Wer kennt es nicht, dieses Mantra, die spätestens seit Amtsantritt von Präsident Mohammad Khatami 1997 die außenpolitische Agenda der EU und später der Obama-Administration dominierte. Dass auch unter vermeintlichen Reformpräsidenten im Iran keine nennenswerten Reformen stattfanden, stattdessen weiter exekutiert, unterdrückt und gefoltert wurde und die Islamische Republik außenpolitisch ihre Agenda verfolgte, die islamische Revolution überall mit Gewalt in den Nahen Osten zu exportieren, spielte dabei keine Rolle. Mehr Dialog werde es schon richten.
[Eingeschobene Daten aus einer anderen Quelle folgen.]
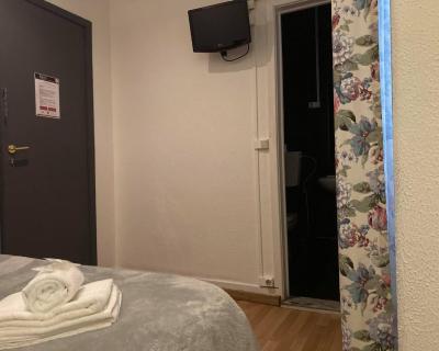 This simply decorated room features air conditioning, a cable TV and a private bathroom.

Gegen Kritiker dieser Politik führte man dann gerne iranische Kronzeugen ins Feld, die ihrerseits zur Mäßigung aufriefen und auch international für eine Reformagenda warben. Eine wichtige Stimme war immer die der Nobelpreisträgerin Shirin Ebadi, einer Menschenrechtsanwältin, die im Iran unter schwierigsten Bedingungen arbeitete, sich bislang aber immer gegen „Regime Change“ aussprach und erklärte, das ganze System in ihrem Land sei durch Reformen veränderbar.  Man müsse, statt mit Krieg zu drohen, Aktivisten wie Ebadi im Iran unterstützen, die auf friedlichen Wandel setzten, hieß es immer wieder. Navid Kermani etwa schrieb anlässlich der Verleihung des Nobelpreises an Ebadi:

„Nicht zuletzt ist mit dem Nobelpreis eine deutliche Aufforderung an die Adresse der Vereinigten Staaten verbunden, Veränderungen in Iran nicht herbeizubomben, sondern stattdessen die Reformbewegung zu unterstützen.“

Wenn nun, 15 Jahre später, Ebadi in einem Interview sagt, sie habe inzwischen  jede Hoffnungen verloren, zeigt sich deutlich, in welchem Zustand die Islamische Republik sich befindet:

„‚Reformen nützen im Iran nichts’, erklärte Ebadi mir am Donnerstag bei einem Interview. ‚Die Menschen im Iran sind mit ihrer gegenwärtigen Regierung sehr unzufrieden. Sie haben nun erkannt, dass das System nicht reformiert werden kann.’ (…) Die Iraner ‚wollen einen Regimewechsel, sie wollen eine säkulare Verfassung, die auf der Allgemeinen Erklärung der Menschenrechte beruht’. Wie die Massenproteste Ende Dezember stellen auch die radikalen Forderungen Ebadis eine kraftvolle Zurückweisung des außenpolitischen Konsensus vieler fortschrittlicher Kräfte im Westen dar, die weiterhin darauf hoffen, dass der iranische Präsident Hassan Rohani die vor den Wahlen von 2013 und 2017 versprochenen Reformen doch noch ausführt. Ebadi sagte mir, sie habe Rohani nie für einen Reformer gehalten.“

Ebadi ist keineswegs die einzige, wohl aber prominenteste Stimme aus dem Lager derjenigen Kritiker des iranischen Regimes, die sich bislang für Veränderungen durch Reformen und Wahlen ausgesprochen haben. Für die Apologeten des „Dialoges“ in Europa, die weiterhin einen „Wandel durch Annäherung“ bewerben, wird es in Zukunft deshalb auch immer schwieriger werden, sich auf „moderaten Stimmen der iranischen Zivilgesellschaft“ zu berufen, in deren Namen sie ja angeblich auch agierten. Denn diese Stimmen gibt es spätestens seit Anfang des Jahres 2018 nicht mehr. Inzwischen ist ihnen allen klar geworden, dass das System der Islamischen Republik nicht reformierbar ist, sondern als Ganzes abgeschafft werden muss, soll sich die Lage für die Menschen im Iran je nachhaltig verbessern.